DIRECTIONS FOR THIS TASK: Restate word for word the lines below that run from the one holding "ฝั่งเจ้าบ้านของโค้ช อีญีโก เปเรซ" through the one holding "En dan op 22", inclusive. Pictures don't belong in the copy.

THE INPUT START

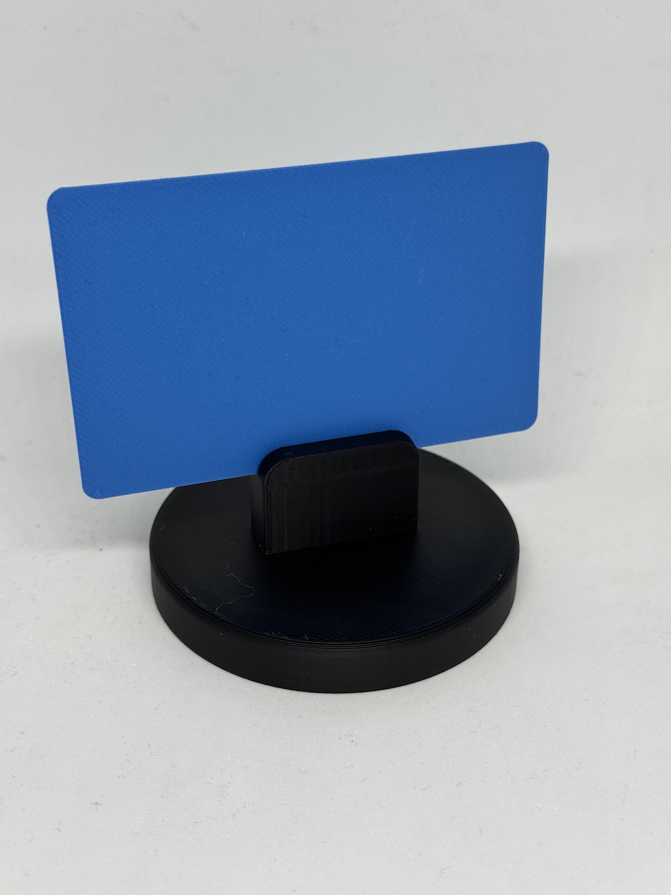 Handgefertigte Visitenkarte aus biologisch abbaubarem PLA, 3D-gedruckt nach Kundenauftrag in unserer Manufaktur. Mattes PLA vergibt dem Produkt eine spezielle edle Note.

THE INPUT END
THE INPUT START

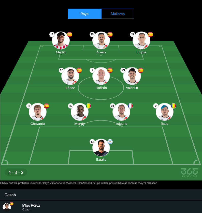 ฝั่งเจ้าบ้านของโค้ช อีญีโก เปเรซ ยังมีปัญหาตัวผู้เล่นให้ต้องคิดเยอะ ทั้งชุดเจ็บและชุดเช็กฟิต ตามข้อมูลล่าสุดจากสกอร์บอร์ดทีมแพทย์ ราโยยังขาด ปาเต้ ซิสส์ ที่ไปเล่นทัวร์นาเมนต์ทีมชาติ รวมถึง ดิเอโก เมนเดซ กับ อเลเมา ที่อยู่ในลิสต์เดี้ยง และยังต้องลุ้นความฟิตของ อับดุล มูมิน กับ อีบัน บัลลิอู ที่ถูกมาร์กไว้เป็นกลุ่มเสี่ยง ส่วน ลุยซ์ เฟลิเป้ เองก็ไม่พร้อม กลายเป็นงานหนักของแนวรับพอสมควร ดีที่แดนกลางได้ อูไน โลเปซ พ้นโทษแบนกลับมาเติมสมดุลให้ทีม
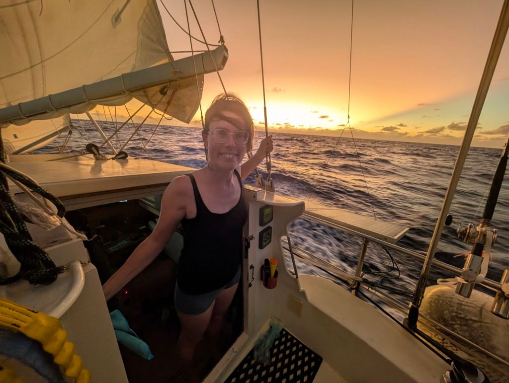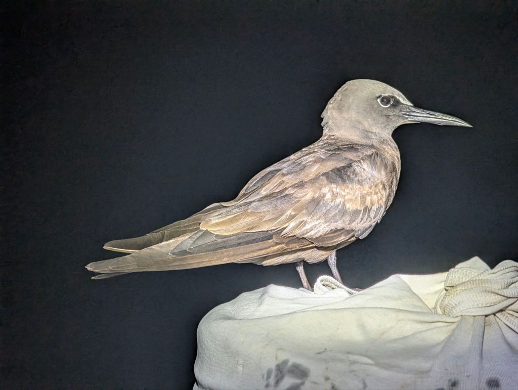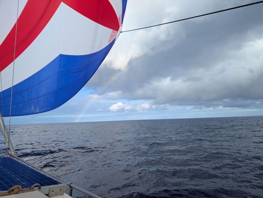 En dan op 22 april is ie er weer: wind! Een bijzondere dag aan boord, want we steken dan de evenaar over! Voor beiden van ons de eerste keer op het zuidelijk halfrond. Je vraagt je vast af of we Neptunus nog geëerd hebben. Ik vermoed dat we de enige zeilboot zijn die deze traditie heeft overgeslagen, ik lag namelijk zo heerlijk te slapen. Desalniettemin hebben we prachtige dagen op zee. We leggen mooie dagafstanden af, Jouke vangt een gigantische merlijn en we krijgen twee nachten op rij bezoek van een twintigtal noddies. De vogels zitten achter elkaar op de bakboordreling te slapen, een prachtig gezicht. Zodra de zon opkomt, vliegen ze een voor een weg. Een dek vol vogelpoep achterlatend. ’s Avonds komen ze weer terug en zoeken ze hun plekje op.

THE INPUT END

REPLY TO THE EXERCISE:
 ฝั่งเจ้าบ้านของโค้ช อีญีโก เปเรซ ยังมีปัญหาตัวผู้เล่นให้ต้องคิดเยอะ ทั้งชุดเจ็บและชุดเช็กฟิต ตามข้อมูลล่าสุดจากสกอร์บอร์ดทีมแพทย์ ราโยยังขาด ปาเต้ ซิสส์ ที่ไปเล่นทัวร์นาเมนต์ทีมชาติ รวมถึง ดิเอโก เมนเดซ กับ อเลเมา ที่อยู่ในลิสต์เดี้ยง และยังต้องลุ้นความฟิตของ อับดุล มูมิน กับ อีบัน บัลลิอู ที่ถูกมาร์กไว้เป็นกลุ่มเสี่ยง ส่วน ลุยซ์ เฟลิเป้ เองก็ไม่พร้อม กลายเป็นงานหนักของแนวรับพอสมควร ดีที่แดนกลางได้ อูไน โลเปซ พ้นโทษแบนกลับมาเติมสมดุลให้ทีม
 En dan op 22 april is ie er weer: wind! Een bijzondere dag aan boord, want we steken dan de evenaar over! Voor beiden van ons de eerste keer op het zuidelijk halfrond. Je vraagt je vast af of we Neptunus nog geëerd hebben. Ik vermoed dat we de enige zeilboot zijn die deze traditie heeft overgeslagen, ik lag namelijk zo heerlijk te slapen. Desalniettemin hebben we prachtige dagen op zee. We leggen mooie dagafstanden af, Jouke vangt een gigantische merlijn en we krijgen twee nachten op rij bezoek van een twintigtal noddies. De vogels zitten achter elkaar op de bakboordreling te slapen, een prachtig gezicht. Zodra de zon opkomt, vliegen ze een voor een weg. Een dek vol vogelpoep achterlatend. ’s Avonds komen ze weer terug en zoeken ze hun plekje op.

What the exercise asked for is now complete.